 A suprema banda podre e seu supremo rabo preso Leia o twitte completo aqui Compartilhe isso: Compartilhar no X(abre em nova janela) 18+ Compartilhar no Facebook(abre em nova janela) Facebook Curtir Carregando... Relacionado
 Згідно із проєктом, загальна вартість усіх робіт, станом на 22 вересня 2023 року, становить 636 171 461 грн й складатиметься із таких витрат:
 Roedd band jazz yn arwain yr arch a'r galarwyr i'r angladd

+--

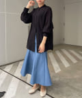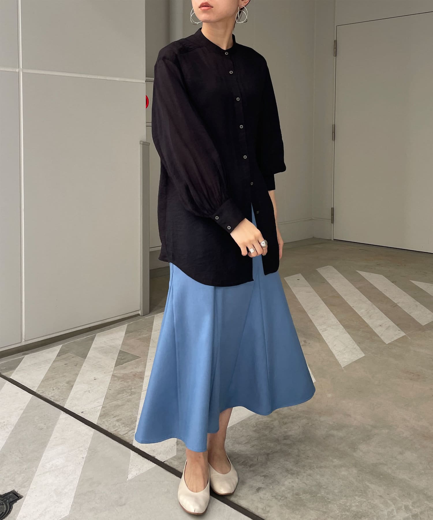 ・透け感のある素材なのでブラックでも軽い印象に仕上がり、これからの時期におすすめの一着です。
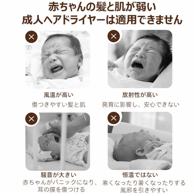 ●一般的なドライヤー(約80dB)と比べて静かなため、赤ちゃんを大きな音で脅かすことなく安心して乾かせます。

+--

The problem: Would you print exactly and only the lines of the material above that run from the line with "Згідно із проєктом, загальна" through the line with "Roedd band jazz", both included?

Final answer:
 Згідно із проєктом, загальна вартість усіх робіт, станом на 22 вересня 2023 року, становить 636 171 461 грн й складатиметься із таких витрат:
 Roedd band jazz yn arwain yr arch a'r galarwyr i'r angladd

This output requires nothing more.